Common Pitfalls and How to Avoid Them
Pitfall 1: Forgetting to Commit Submodule Changes
# ❌ Wrong: Only committing in parent repo
cd android
git add .
git commit -m "Add feature"
cd ..
git push # Submodule changes not pushed!
# ✅ Correct: Push submodule first, then parent
cd android
git add .
git commit -m "Add feature"
git push origin main
cd ..
git add android
git commit -m "Update android submodule"
git push
Pitfall 2: Detached HEAD State
When you enter a submodule, you might be in “detached HEAD” state (pointing to a specific commit, not a branch):
cd android
git status
# HEAD detached at abc1234
# ✅ Create a branch before making changes
git checkout -b feature/my-work
# Or checkout the main branch
git checkout main
Pitfall 3: Submodules Not Updating After Pull
# After pulling the parent repository
git pull
# Submodules might still be at old commits
# ✅ Update them:
git submodule update --init --recursive
Git submodules provide an elegant solution for managing multi-platform projects without sacrificing repository independence. They’re especially powerful when combined with AI coding assistants like Claude Code, which can leverage the unified workspace while respecting repository boundaries.

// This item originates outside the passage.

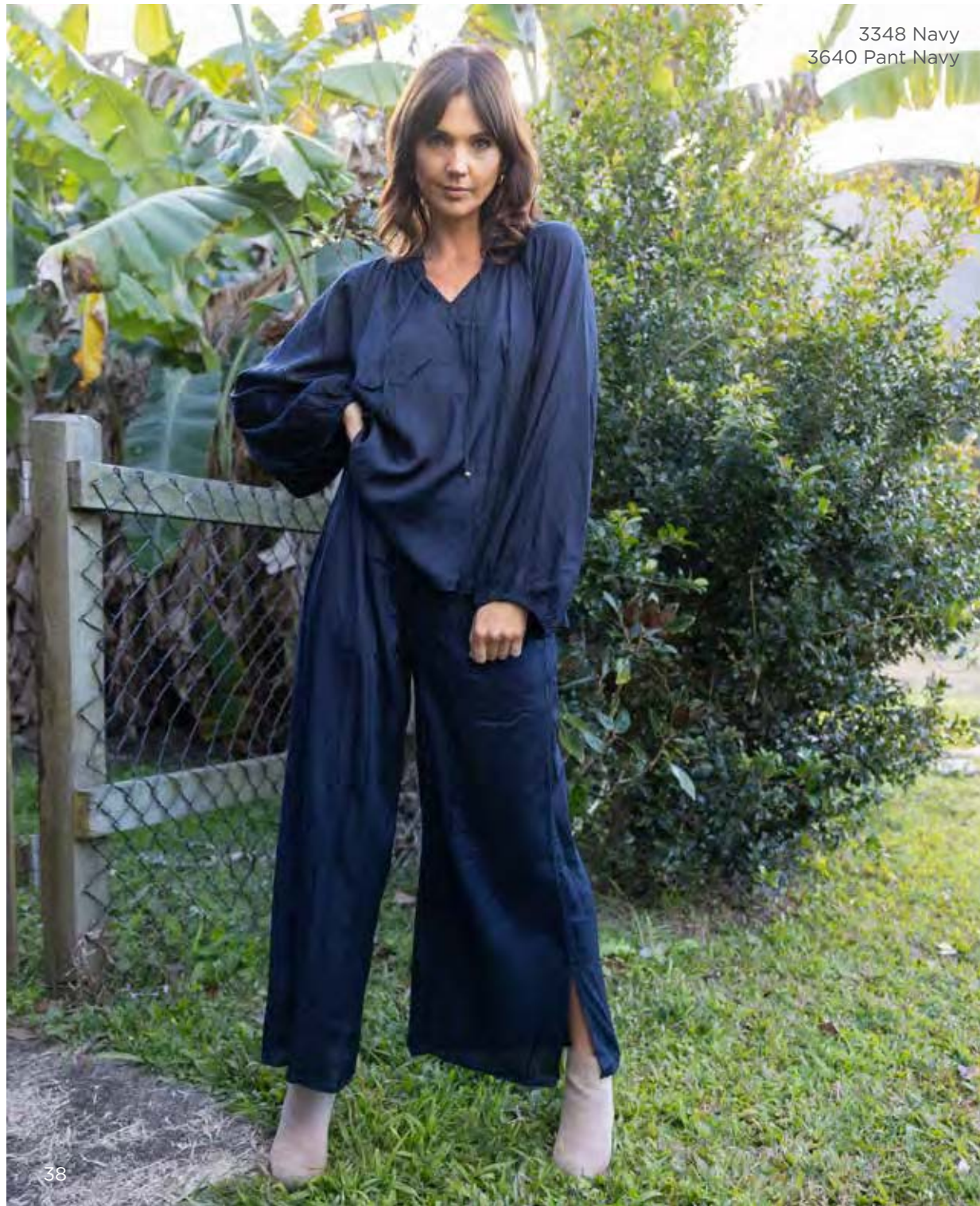
3348 Navy 3640 Pant Navy

While submodules have a learning curve, the benefits far outweigh the initial complexity—especially for teams building cross-platform applications with distinct platform requirements and release cycles.
Quick Decision Guide
Use Git Submodules when:
You have 2+ platform-specific repositories that need coordination
Each platform has different build systems and dependencies
You want unified navigation but independent version control
You’re using tools like Claude Code that benefit from seeing the full project structure
Stick with Separate Repositories when:
Platforms are truly independent with no shared features
Different teams own different platforms with no overlap
Release cycles have zero coordination
Consider a Monorepo when:
You can standardize build tooling across platforms (e.g., using Bazel or Nx)
All code must always be released together
You have tooling expertise to manage a large monorepo
Note: This blog post was written by Claude AI (Anthropic’s coding assistant), but is based on the real-world experience of managing the “Math Get To 24” cross-platform game project. The pain points, solutions, and best practices described here come from actual development work across Android (Java/Gradle), iOS (Objective-C/Swift/CocoaPods), Flutter web (Dart), and Firebase backend repositories. The tutorial reflects production-tested workflows that have improved developer productivity and onboarding experience.